▶ _Exercise brief_: Leave out the pictures and copy each record below exactly.
*** Exercise inputs ***
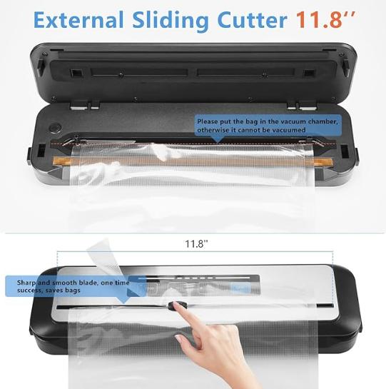 ·Vacuum Sealing: Effectively seals food items, preventing air from entering and preserving moisture.
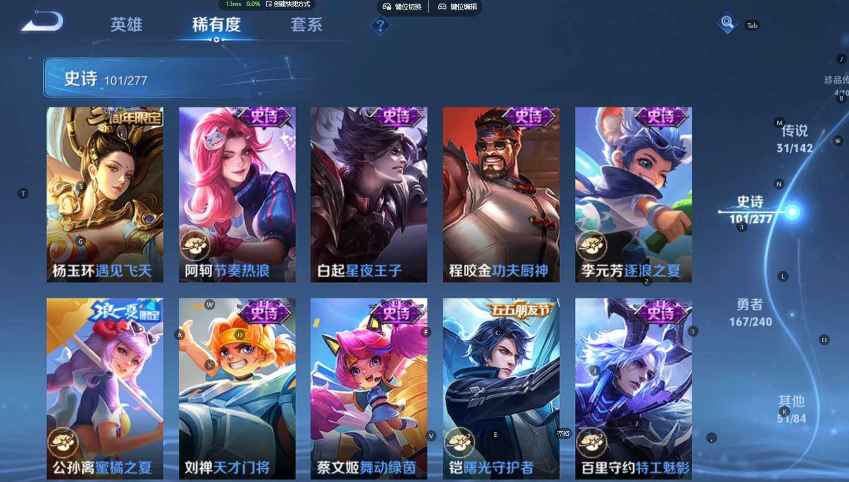 安卓Q-V7-尊贵铂金I段位-129英雄-357皮肤-2典藏皮肤-1无双-4珍品传说-31传说-100史诗
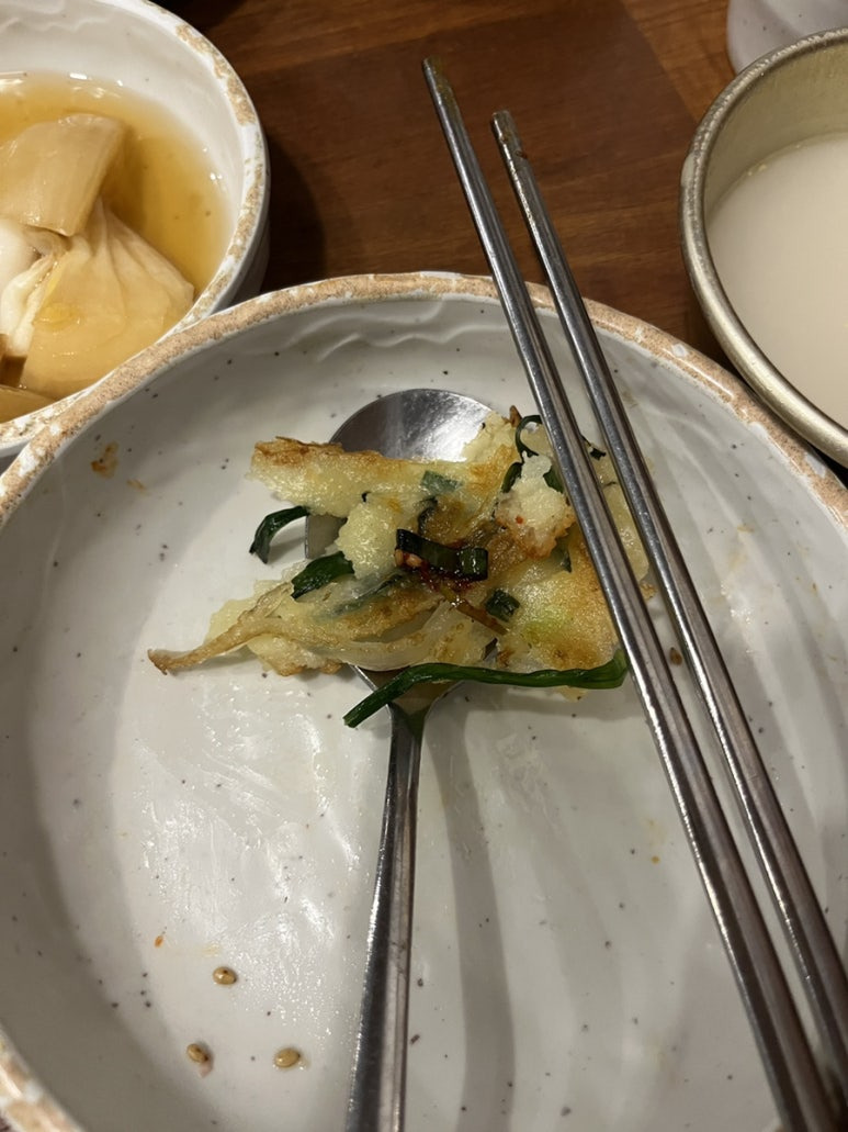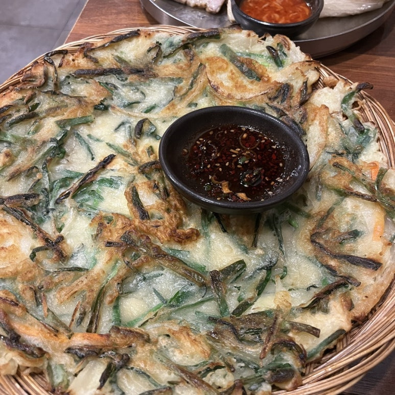 부추전은 겉이 바삭하게 구워져있어서 바삭한 식감을 좋아하시는 분들에게 딱일 것 같아요!
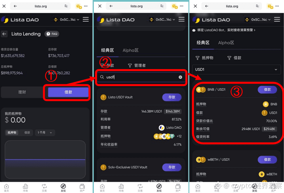 打开Lista DAO官方网站,用持有BSC链BTCB的钱包扫码快速关联平台。先进入“借贷-供应”板块存入BTCB完成抵押,再切换至“借款”专区选择USD1借款池,按照页面指引输入借款金额后确认即可。核心优势:当前全市场高利率背景下,借USD1年化成本仅1%,远低于行业平均水平,为稳定盈利筑牢基础。
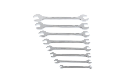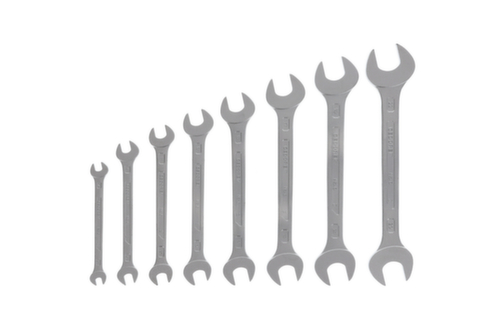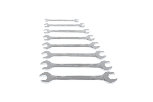 "longDescription": "Gängigste Größen im Set, Ausführung nach DIN 3110, ISO 3318, ISO 1085, ISO 10102, Mit flachen Köpfen, Blendfreie, mattierte Oberfläche, Maul: präzise auf exaktes Nennmaß geschliffen für optimale Kontaktflächen, Sicherer Griff durch schlanken Profilschaft, Überbelastung wird durch Verformung angezeigt, Hochwertige Industriequalität für harte Dauerbeanspruchung, Chrom-Vanadium-Stahl 31CrV3, verchromt<br>",
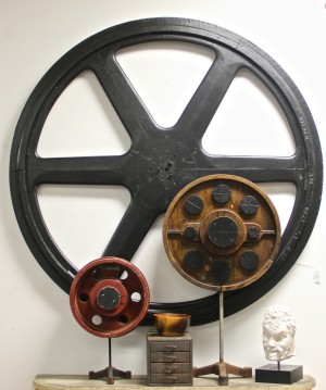 Industrial Casting Wheels on Stands $125 & $165; Tin 4-Drawer $32 ~ Dealer 15
*** End of Exercise inputs ***
▶ _Response_:
 ·Vacuum Sealing: Effectively seals food items, preventing air from entering and preserving moisture.
 安卓Q-V7-尊贵铂金I段位-129英雄-357皮肤-2典藏皮肤-1无双-4珍品传说-31传说-100史诗
 부추전은 겉이 바삭하게 구워져있어서 바삭한 식감을 좋아하시는 분들에게 딱일 것 같아요!
 打开Lista DAO官方网站,用持有BSC链BTCB的钱包扫码快速关联平台。先进入“借贷-供应”板块存入BTCB完成抵押,再切换至“借款”专区选择USD1借款池,按照页面指引输入借款金额后确认即可。核心优势:当前全市场高利率背景下,借USD1年化成本仅1%,远低于行业平均水平,为稳定盈利筑牢基础。
 "longDescription": "Gängigste Größen im Set, Ausführung nach DIN 3110, ISO 3318, ISO 1085, ISO 10102, Mit flachen Köpfen, Blendfreie, mattierte Oberfläche, Maul: präzise auf exaktes Nennmaß geschliffen für optimale Kontaktflächen, Sicherer Griff durch schlanken Profilschaft, Überbelastung wird durch Verformung angezeigt, Hochwertige Industriequalität für harte Dauerbeanspruchung, Chrom-Vanadium-Stahl 31CrV3, verchromt<br>",
 Industrial Casting Wheels on Stands $125 & $165; Tin 4-Drawer $32 ~ Dealer 15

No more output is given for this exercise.